Album Review: Chad Elliott & the Redemptions — Rest Heavy

Chad Elliott & the Redemptions

Rest Heavy

Rest Heavy, the newest release from Iowa native Chad Elliott, opens with an arpeggiated piano riff and cymbal crash before launching into a leaned-back, eyes-closed, soulful-howl gospel-blues tune of which Sam Cooke would have approved. The title track perfectly sets the stage for the songs to follow, which cover serious ground in terms of genres and tonal focuses. Fortunately, Elliott easily chameleons his voice to match the tone, style and nuanced emotional inflections that each song style demands. As he croon-wails his way through tracks that range from hardscrabble stories and ain’t-life-like-that tunes to songs of somber reflection, his constellation of influences is clear, with stylized moments and melodic arrangements that evoke the likes of Tom Waits, Eric Clapton, Bruce Springsteen and Doc Watson.

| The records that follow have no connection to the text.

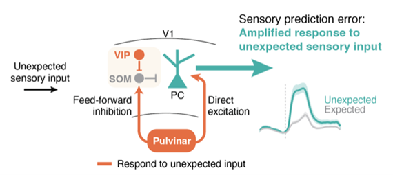 How is this selective amplification of the unexpected sensory input achieved? Vasoactive intestinal polypeptide (VIP)-expressing inhibitory interneurons in V1 receive cortical top-down and neuromodulatory inputs, providing a circuit for top-down gain modulation of sensory responses. The researchers found that VIP interneurons strongly responded to unexpected sensory input but not to expected sensory input. Furthermore, they discovered the pulvinar, a higher-order thalamic nuclei which integrates information from many cortical and subcortical areas and sends prominent feedback projections to V1, also strongly responded to the unexpected sensory input.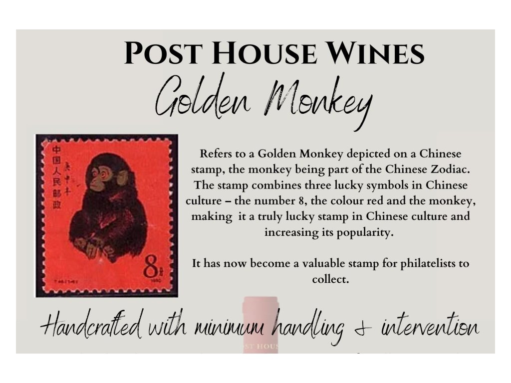 Název vína Golden Monkey okazuje na čínskou známku. Opice je částí čínského zvěrokruhu. Na známce jsou vyobrazeny tři šťastné symboly - číslo 8, červená barva a opice,. Tímto se tato známka stala "šťastnou" známkou v čínské kultuře a to přispělo k její popularitě.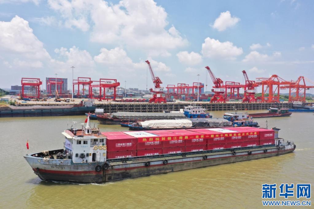 2021年6月,贛江南昌——吉安——贛州千噸級航線正式開通。新華網(wǎng)發(fā)(江西省港口集團(tuán)供圖)

While the album has many standout moments, the standoutiest is the fourth track, “Shining Stars.” The musicianship is on point throughout the entire album, but the vocal and instrumental arrangements on this track are the most restrained and nuanced, with a moody, country, Telecaster-guitar backing that creates an anthemic feeling and blends perfectly with Elliott’s somber phrasings. The ponderous, calm consideration that comes from staring at a night sky is captured in a remarkable and subtly powerful way, and you will find yourself easily singing the song’s hook, “Shining stars burn deep in the night,” long after the album is done playing.

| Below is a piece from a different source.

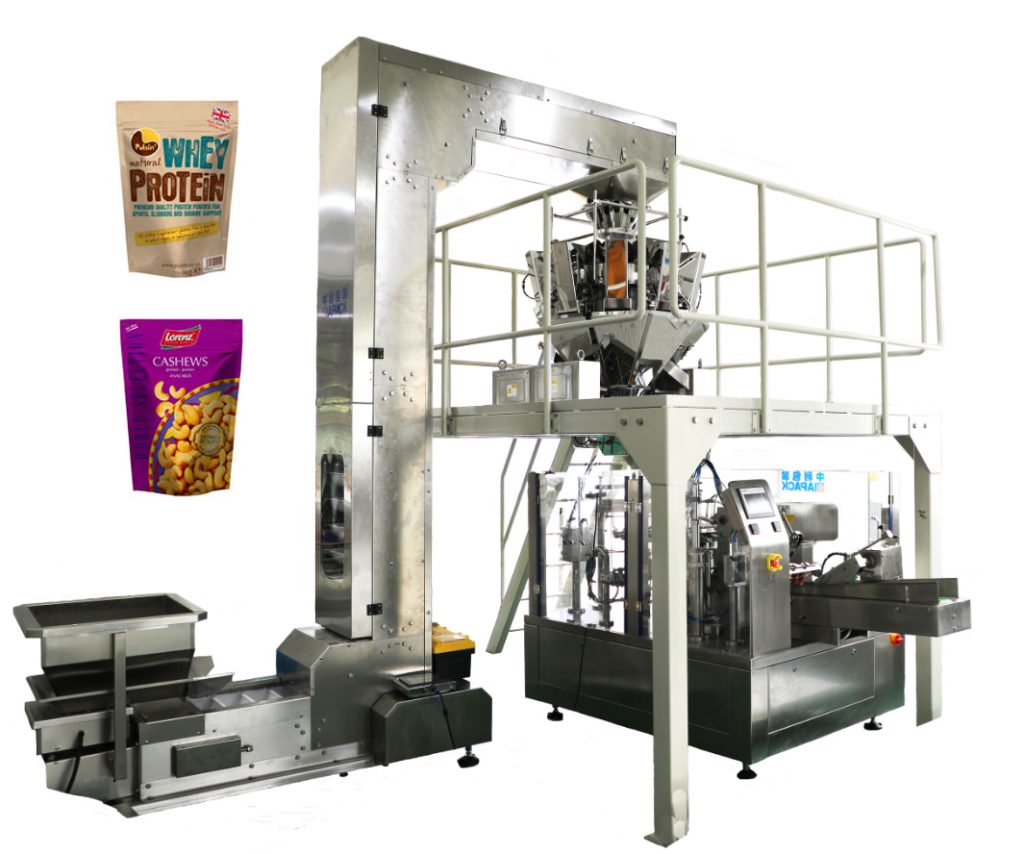 旋轉袋式包裝機 不同劑量(如多頭秤,螺旋填料,液體填料等)可適用於顆粒,粉末,液體,糊狀物等的自動包裝。不同種類的產品配有預製立式拉鍊袋等。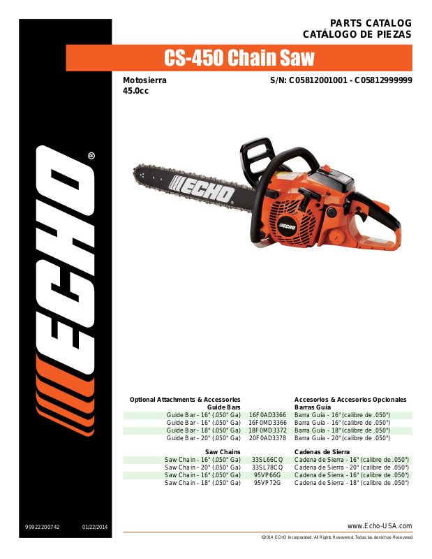 Barra Guía - 20" (calibre de .050")20F0AD3378Guide Bar - 20" (.050" Ga)

As a whole, Rest Heavy is a high-energy, dynamic work. One of the best parts about listening to the album is the clear sense you get that Elliott is having the time of his life playing and recording these songs. Considering that these tracks were laid down at the legendary Sun Studio in Memphis, Tennessee, it’s not hard to understand why. Still, hearing the joy in an artist’s voice from the pure pleasure of making music makes that music that much more enjoyable. Rest Heavy is available Aug. 10: Check it out.